How advances in alternative plastics could help address the waste crisis

Plastics, much like the hydrocarbon cousins they’re derived from, are inherently useful. Cheap, abundant, and multifunctional, they touch virtually every aspect of daily life, from clothing, packaging and consumer goods to electronics, automotive components and medical devices. 

But this utility has fuelled ubiquity and, in the absence of adequate circular practices, plastic waste has become a major environmental hazard. Around 450 million tonnes of plastic waste is generated globally each year, with less than 10 per cent recycled. The remainder is incinerated, sent to landfill or littered, with an estimated 2 million tonnes washing into our oceans.

At this stage the problem is well known but, just as with fossil fuels, behaviour has been resistant to change. In December 2024, representatives from nearly 200 countries came together for the INC-5 talks with the aim of establishing a global plastics treaty. However, just as with the COP talks to tackle emissions, major oil-producing countries blocked meaningful progress.

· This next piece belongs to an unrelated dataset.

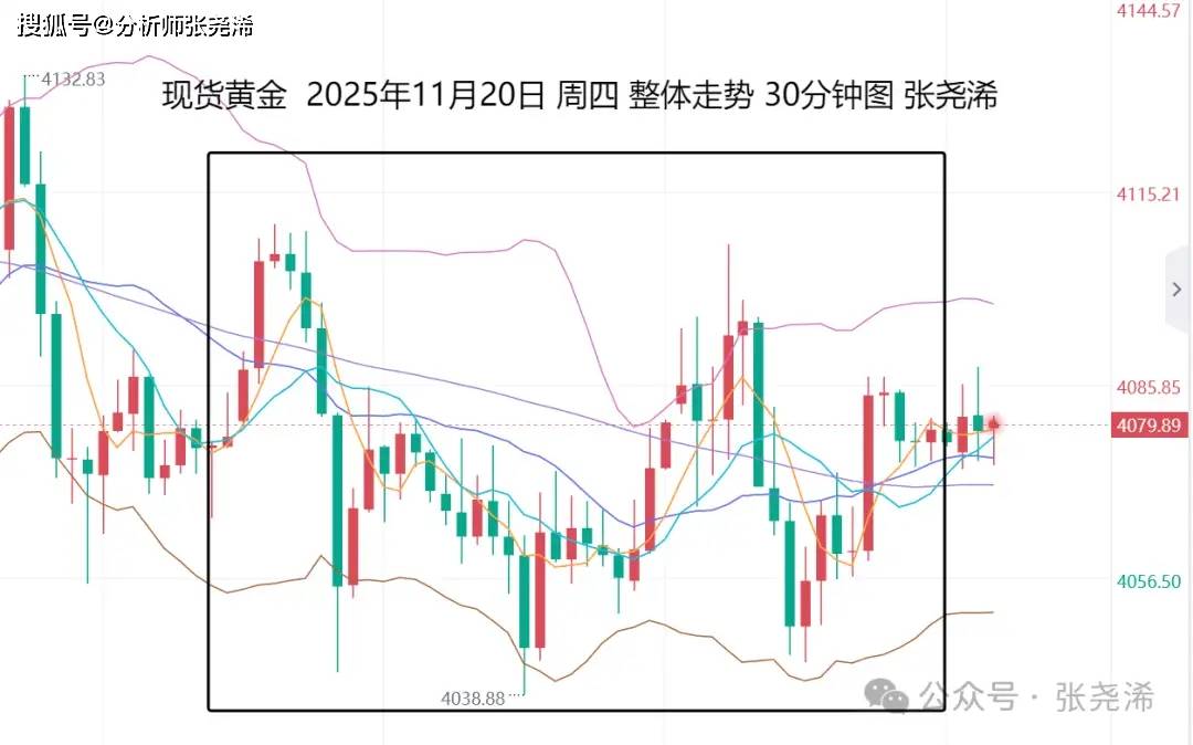摘要今日周一(11月24日)亚盘时段,国际黄金目前交投于4040美元附近,截至发稿,国际黄金最新报 4046.77美元/盎司,跌幅0.46%,最高上探至4076.69美元/盎司,最低触及4040.16美元/盎司。目前来 看,国际黄金短线偏向震荡走势。 【最新国际黄金行情解析】 黄金目前所有周期都显示震荡偏弱走势,以逢高做空为主。而本周目前关注的就是两点支撑4022-3997 一线,不破价格还是以震荡走势为主;跌破价格二次向下试探前期低点3890-3900一线。 而目前4小时还有一小时收线,不出意外是中轨下方,且小时线目前弱势。所以空单得在4060-4064附近 参与,看4040-4030-4022以及4000附近。而上方关注4089-4110附近。 今日周一(11月24日)亚盘时段,国际黄金目前交投于4040美元附近,截至发稿,国际黄金最新报 4046.77美元/盎司,跌幅0.46%,最高上探至4076.69美元/盎司,最低触及4040.16美元/盎司。目前来 看,国际黄金短线偏向震荡走势。 【要闻速递】 进入2025年第四季度后半段,黄金的涨势已经让人瞠目结舌:9月单月暴涨超10%,创下2016年以来最 佳 ...
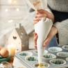 Rękaw cukierniczy wykonany z plastiku z antypoślizgową powierzchnią zewnętrzną i gładkim wnętrzem, co ułatwia wyciskanie. Jest miękki, miły w dotyku, wygodnie leży w dłoni. Produkt do wielokrotnego użytku.

Dr Marc Rodriguez Garcia, Xampla

In the absence of a global agreement, the best hope for tackling the plastics crisis may lie with technology - tweaking plastics to make them biodegradable or replacing petrochemical feedstocks with plant material. And with a global plastics market north of $700 billion - set to top $1 trillion by 2033 – the incentive is financial as much as it’s environmental.

One of the biggest challenges is single-use plastics, pervasive across everything from packaging and FMCG (fast moving consumer goods) to takeaway boxes and coffee cups. While many single-use items – plastic straws for example - can be easily identified and replaced with greener alternatives, others are less visible and have functionality that biomaterials struggle to match.   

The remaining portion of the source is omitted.